DATA LISTING:
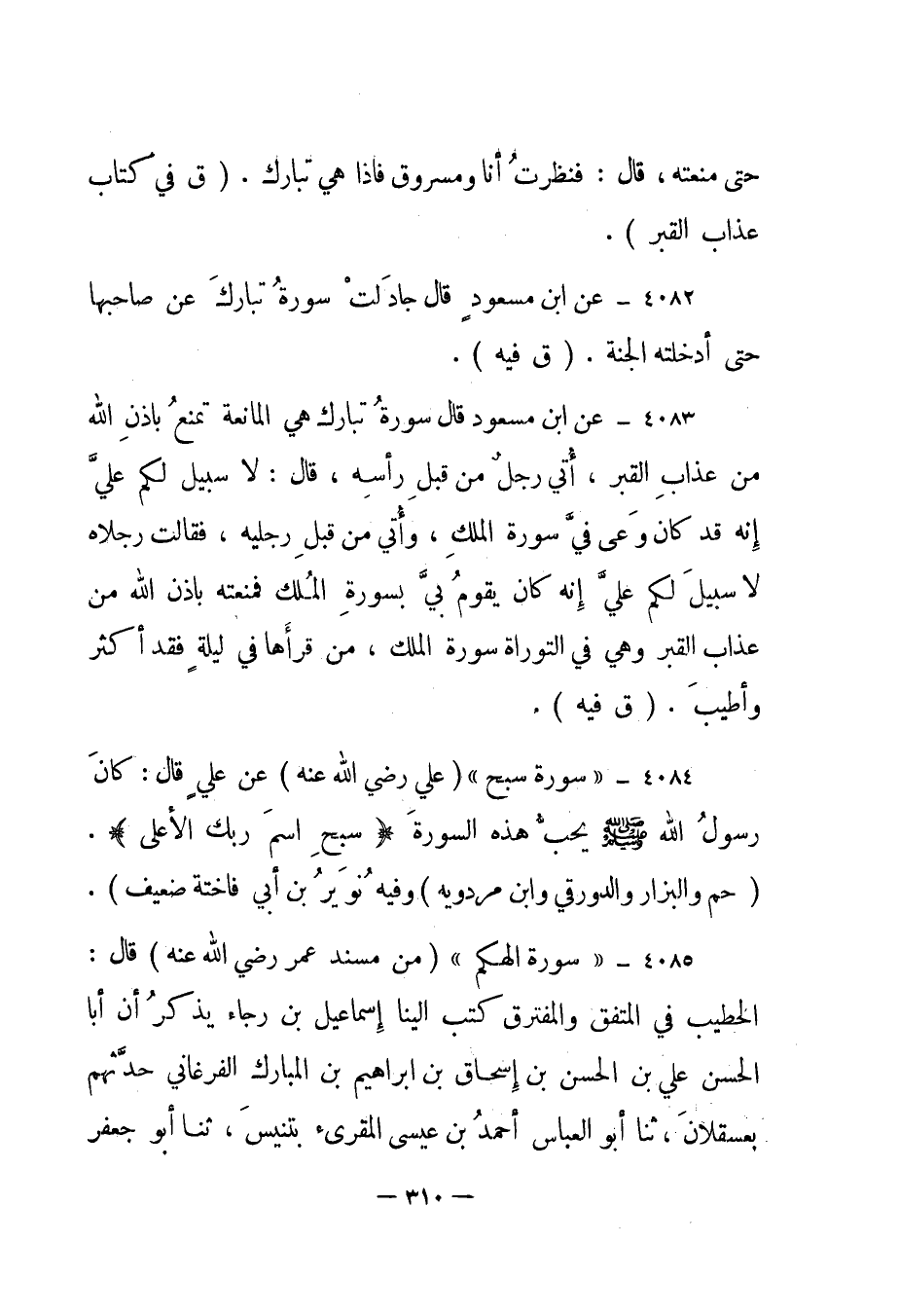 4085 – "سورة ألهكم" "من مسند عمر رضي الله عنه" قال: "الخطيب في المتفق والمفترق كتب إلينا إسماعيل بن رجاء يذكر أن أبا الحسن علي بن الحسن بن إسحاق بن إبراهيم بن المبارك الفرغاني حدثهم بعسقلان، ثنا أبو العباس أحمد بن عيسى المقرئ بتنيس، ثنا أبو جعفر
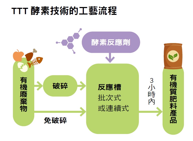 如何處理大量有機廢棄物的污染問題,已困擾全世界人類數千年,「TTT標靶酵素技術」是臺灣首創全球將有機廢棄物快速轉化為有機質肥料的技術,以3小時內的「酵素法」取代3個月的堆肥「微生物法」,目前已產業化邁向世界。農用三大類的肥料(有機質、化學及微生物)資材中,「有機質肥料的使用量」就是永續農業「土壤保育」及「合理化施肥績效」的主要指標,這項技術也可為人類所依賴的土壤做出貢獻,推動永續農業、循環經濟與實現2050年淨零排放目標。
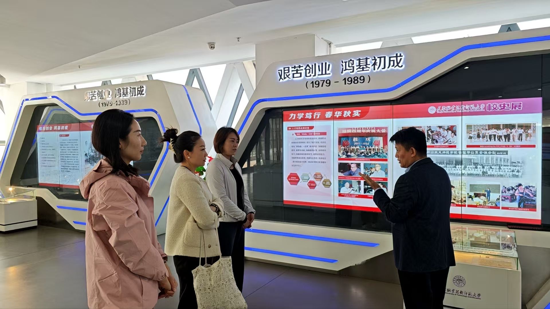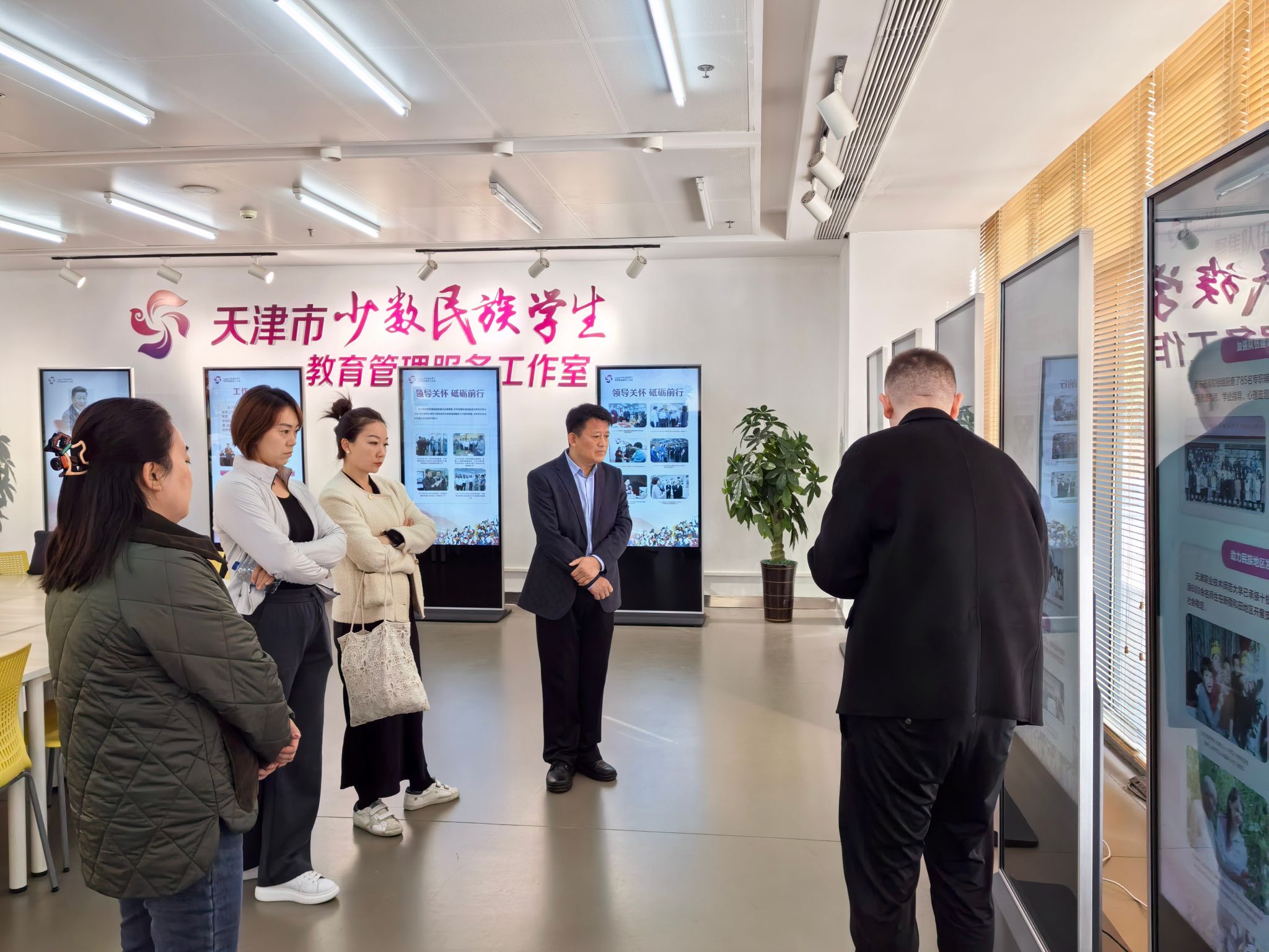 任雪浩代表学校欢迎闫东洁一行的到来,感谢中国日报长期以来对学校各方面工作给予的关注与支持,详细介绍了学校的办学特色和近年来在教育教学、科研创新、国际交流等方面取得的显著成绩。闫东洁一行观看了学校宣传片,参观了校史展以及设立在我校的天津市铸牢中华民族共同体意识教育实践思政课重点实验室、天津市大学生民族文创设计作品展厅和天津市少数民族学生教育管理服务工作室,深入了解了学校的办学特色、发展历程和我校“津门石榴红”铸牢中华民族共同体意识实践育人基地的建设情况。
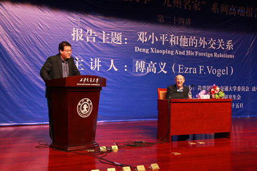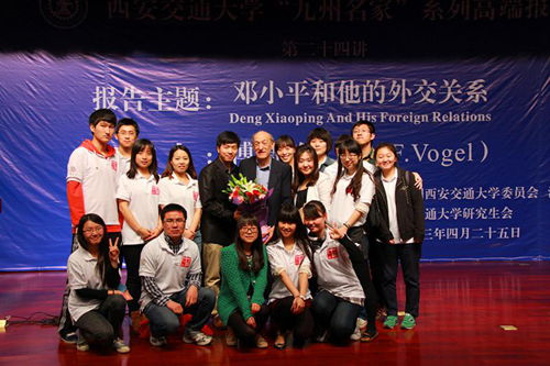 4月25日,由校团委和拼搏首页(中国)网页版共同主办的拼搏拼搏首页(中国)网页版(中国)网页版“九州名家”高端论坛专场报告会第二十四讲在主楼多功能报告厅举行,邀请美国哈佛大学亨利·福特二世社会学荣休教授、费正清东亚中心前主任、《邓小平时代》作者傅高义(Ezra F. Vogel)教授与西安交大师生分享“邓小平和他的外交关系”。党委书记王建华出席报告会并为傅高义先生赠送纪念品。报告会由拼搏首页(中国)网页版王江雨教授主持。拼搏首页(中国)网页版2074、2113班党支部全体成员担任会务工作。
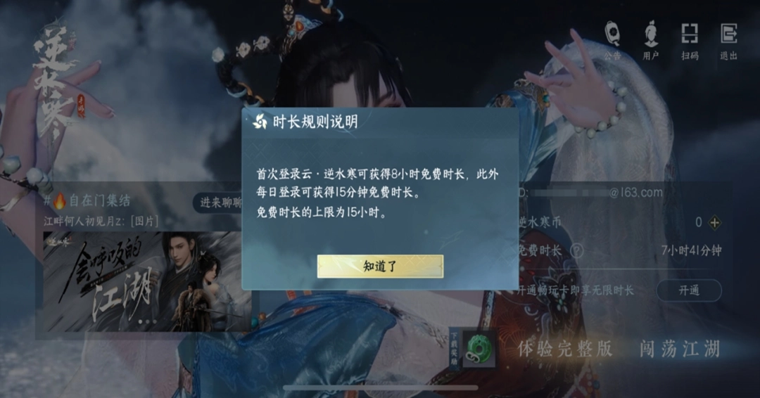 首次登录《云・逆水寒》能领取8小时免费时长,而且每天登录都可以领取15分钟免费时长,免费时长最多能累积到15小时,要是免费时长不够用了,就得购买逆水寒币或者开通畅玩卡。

---

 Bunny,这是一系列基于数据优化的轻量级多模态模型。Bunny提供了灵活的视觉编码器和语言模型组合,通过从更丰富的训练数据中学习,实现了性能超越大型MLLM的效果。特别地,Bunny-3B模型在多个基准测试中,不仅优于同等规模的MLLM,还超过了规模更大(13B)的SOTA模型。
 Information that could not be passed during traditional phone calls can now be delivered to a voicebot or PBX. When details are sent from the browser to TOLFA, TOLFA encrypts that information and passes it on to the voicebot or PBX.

--

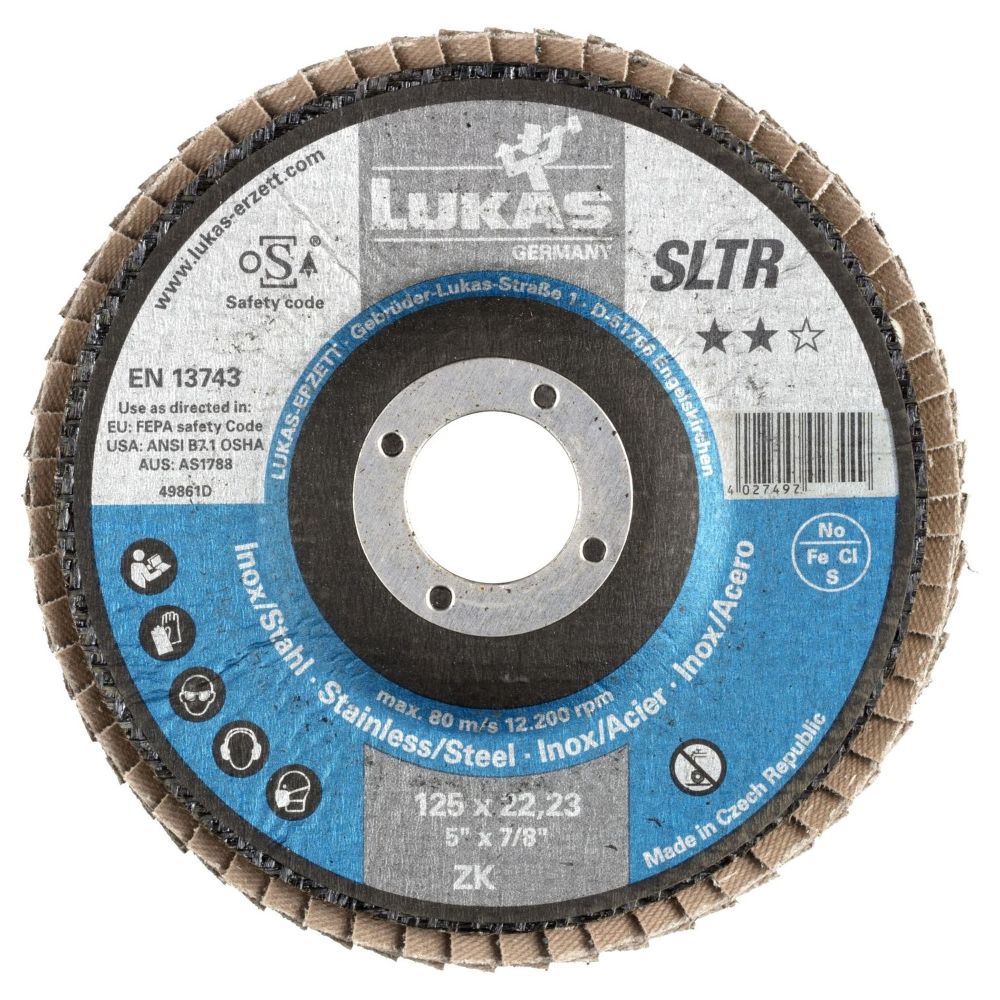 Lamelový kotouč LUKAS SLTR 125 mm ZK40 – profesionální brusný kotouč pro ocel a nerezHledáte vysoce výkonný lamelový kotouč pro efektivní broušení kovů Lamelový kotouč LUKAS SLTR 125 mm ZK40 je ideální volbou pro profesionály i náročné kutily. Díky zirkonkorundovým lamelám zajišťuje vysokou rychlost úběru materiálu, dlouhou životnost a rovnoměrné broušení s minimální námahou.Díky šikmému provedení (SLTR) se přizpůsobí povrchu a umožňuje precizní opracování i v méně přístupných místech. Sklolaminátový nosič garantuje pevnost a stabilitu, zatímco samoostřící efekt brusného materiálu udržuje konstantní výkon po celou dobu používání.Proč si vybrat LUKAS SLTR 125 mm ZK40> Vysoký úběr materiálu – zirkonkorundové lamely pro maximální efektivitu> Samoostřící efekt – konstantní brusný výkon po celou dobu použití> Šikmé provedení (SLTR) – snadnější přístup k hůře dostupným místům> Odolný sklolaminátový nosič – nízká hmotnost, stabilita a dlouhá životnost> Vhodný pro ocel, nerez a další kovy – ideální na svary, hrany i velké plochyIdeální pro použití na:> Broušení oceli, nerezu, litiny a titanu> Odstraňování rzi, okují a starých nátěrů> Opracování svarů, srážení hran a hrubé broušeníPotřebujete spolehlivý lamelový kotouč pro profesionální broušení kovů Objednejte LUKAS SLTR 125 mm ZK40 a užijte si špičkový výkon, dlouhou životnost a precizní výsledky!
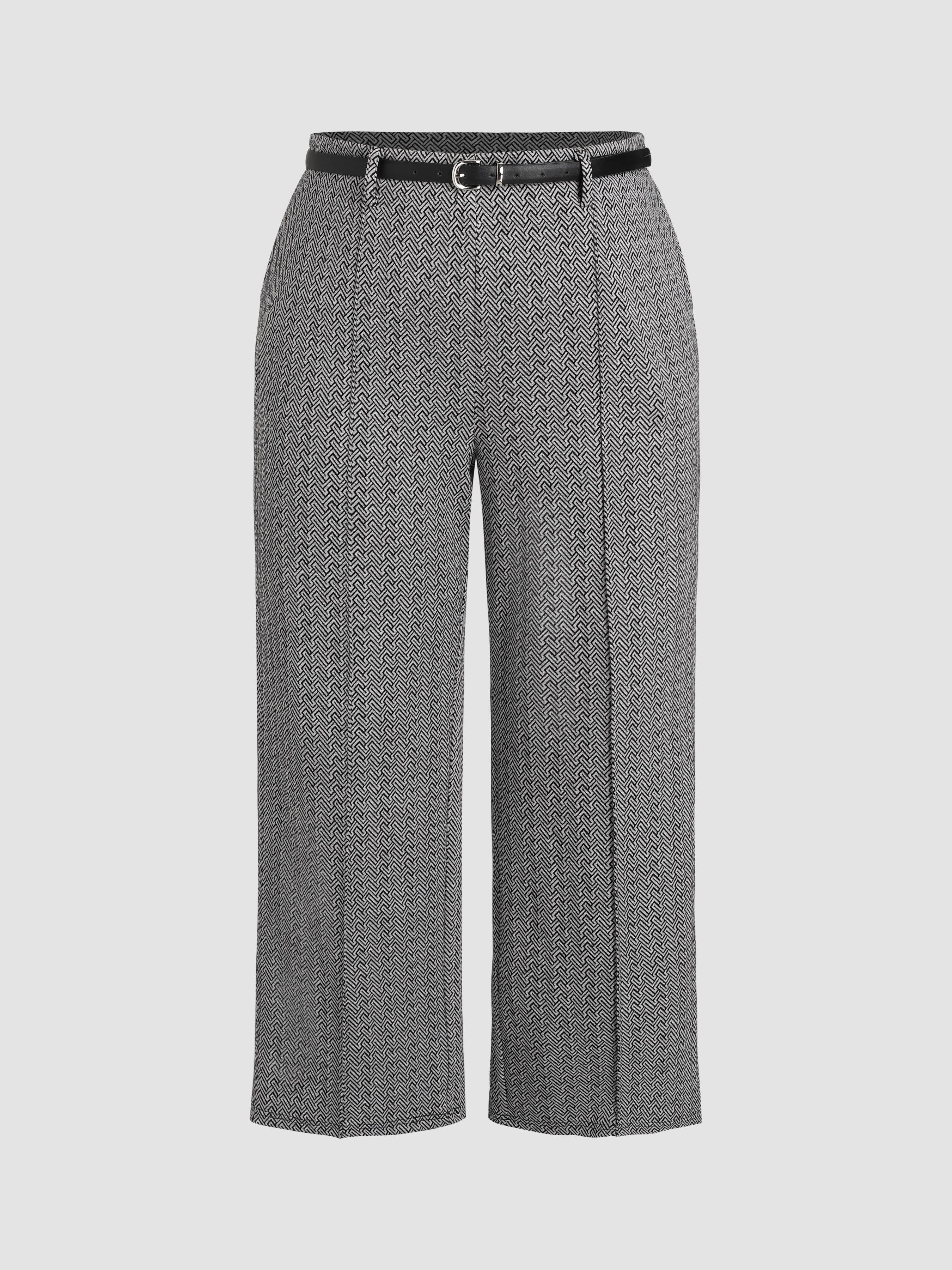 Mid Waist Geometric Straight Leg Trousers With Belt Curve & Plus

TASK BRIEF:
Look above for the line with "ثنا أبو جعفر" and the line with "如何處理大量有機廢棄物的污染". Give again exactly those two lines and all lines between them, pictures excluded.

OUTPUT:
 4085 – "سورة ألهكم" "من مسند عمر رضي الله عنه" قال: "الخطيب في المتفق والمفترق كتب إلينا إسماعيل بن رجاء يذكر أن أبا الحسن علي بن الحسن بن إسحاق بن إبراهيم بن المبارك الفرغاني حدثهم بعسقلان، ثنا أبو العباس أحمد بن عيسى المقرئ بتنيس، ثنا أبو جعفر
 如何處理大量有機廢棄物的污染問題,已困擾全世界人類數千年,「TTT標靶酵素技術」是臺灣首創全球將有機廢棄物快速轉化為有機質肥料的技術,以3小時內的「酵素法」取代3個月的堆肥「微生物法」,目前已產業化邁向世界。農用三大類的肥料(有機質、化學及微生物)資材中,「有機質肥料的使用量」就是永續農業「土壤保育」及「合理化施肥績效」的主要指標,這項技術也可為人類所依賴的土壤做出貢獻,推動永續農業、循環經濟與實現2050年淨零排放目標。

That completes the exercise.